I read a really great article last night. The Onion, as part of an ongoing series on shows that lasted 100 episodes, did a profile on Homestar Runner. I loved the SBemails from the get go, and fell in love with Strongbad like everyone else did on the Internet in the early '00s, but something that caught my eye especially was this quote:

'But Homestar Runner ended up feeling very like the purest possible expression of one corner of the Internet, the one that wanted to just like stuff, instead of always feeling at a remove from it. It codified the pureness of being a little kid and falling in love with your first TV show or movie or book...'
This is exactly the same sentiment that I had in mind when I started BWP. The thought process that ran through my head when I was designing the logo, when I was writing Hulks and Horrors, and when I decided that naturally the first sourcebook for my new urban fantasy game should go back to the world of cyberpunk, one of my first loves in RPGs.

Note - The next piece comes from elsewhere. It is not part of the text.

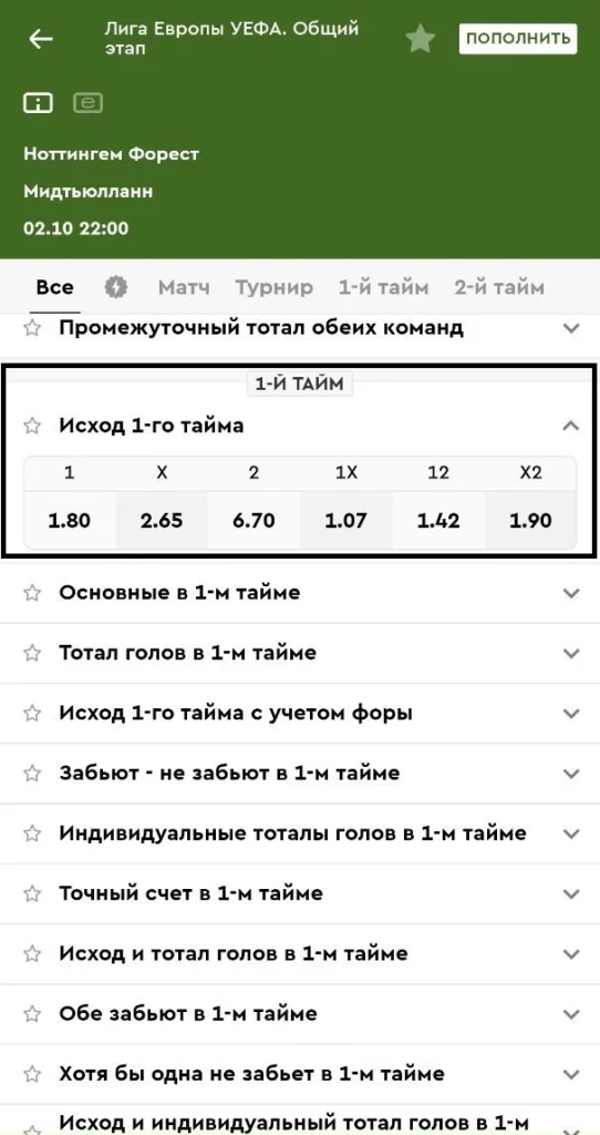 Чтобы сделать правильный выбор, игроку необходимо учесть прошлые выступления команд, посмотреть статистику взятия ворот. Некоторые клубы «разыгрываются» во вторые 45 минут. Другие предпочитают выкладываться в первый тайм, а во второй — сушат игру.

But the article ultimately comes to a conclusion I can't quite agree with, deciding that the show doesn't feel as refreshing today in 2013 as it did in those days. But the thing is, that feeling that I quoted, I think it's even more relevant right now that it ever has been: the importance of actually just enjoying things, instead of confronting everything with cynicism and criticism.

Over the last year, a lot has happened in my life. I left school. I had to move back in with family. I funded a book. I wrote that book, and I'm in the process of editing it. I emigrated to Finland. I married a Finnish woman who I love dearly. It's been a lot of change, and because of that change and the stress of all that work and the culture shock, I've spent a lot of time online because it has always been kind of a fall-back for me and it provided something like a consistent virtual home when everything else in my life has been so changeable.

But I've been getting restless with it. Frustrated. Angry. Even afraid. Most of all, though, I've just been more and more tired of it. The internet has always been a place where the disaffected vent their frustrations, but in recent times it seems like it has grown worse by orders of magnitude. As if the entire web has lost the ability to communicate in anything but a relentless torrent of hostility, cynicism, and negativity. The rough-and-tumble fun of internet discussion has given way to one battleground after another, its warriors entrenched in this or that camp and seeing anyone outside of it as nothing less than the enemy, and no battle tactic is unacceptable in assuring that enemy's utter destruction.

But here's the thing: the warzone starts with those who fight in it. And I am by no means an innocent party to that. While I've increasingly been quite publicly vocal about the ugliest side of these never-ending battles, I've had my own part to play in others. We make the environment around us in our own image, by how we choose to act and the face we project to the world, and mine has long been just as negative in many cases as those I have grown so weary of.

My name is John Berry, and I have a negativity problem.

It's time I fixed that.

Last year, Monte Cook made a pledge. For the entire month of August he vowed to abandon the negativity, to post only positive contributions to the online world. It worked out pretty well for him. I seriously considered joining him, especially after Numenera became such a flashpoint as he fell under the crosshairs of another warrior camp. For some reason, I didn't.

Today, I honestly can't say I know why. I mean really, what have I to lose? Why cling to the very same negativity I see as so destructive? It does me no favors. It does my mood no favors. It adds pointless stress. It certainly doesn't help creativity in the slightest.

One of the things I was trying to do when I started BWP and when I made H&H was to stop just bitching about stuff not being the fun I wanted, and make my own fun. Well, the internet is the same way: if it isn't fun anymore, it's time to look at what I'm doing and make it fun again. To ditch the negativity and the snark, and focus on the fun. These are games aren't they? I should have fun talking about them, right? And besides which, what kind of face am I putting on BWP when my public persona is still one of such an asshole? I want to be welcoming to potential new players, not drive them away.

So consider this my pledge: I'm done. I'm done being negative, I'm done taking sides, I'm done drawing battle-lines, I'm done flinging snark. For the rest of this year, I will be taking the same pledge Monte did: no more negativity online. And likely, beyond.

I don't expect this to be easy. In fact, I expect it to be pretty fucking hard. I've lived and breathed cynicism for a lot of years now. But you miss other things, being that guy. You miss joy, you miss excitement, you miss that very feeling that Homestar Runner captures, and that I try to capture with my own games, because you can't put yourself in that head-space when most of your daily life is reading and doling out more negativity and snark.

It's time to get back to making the stuff I want to see and talking about how awesome it is, and do my little part in creating a better atmosphere for those games to be received in.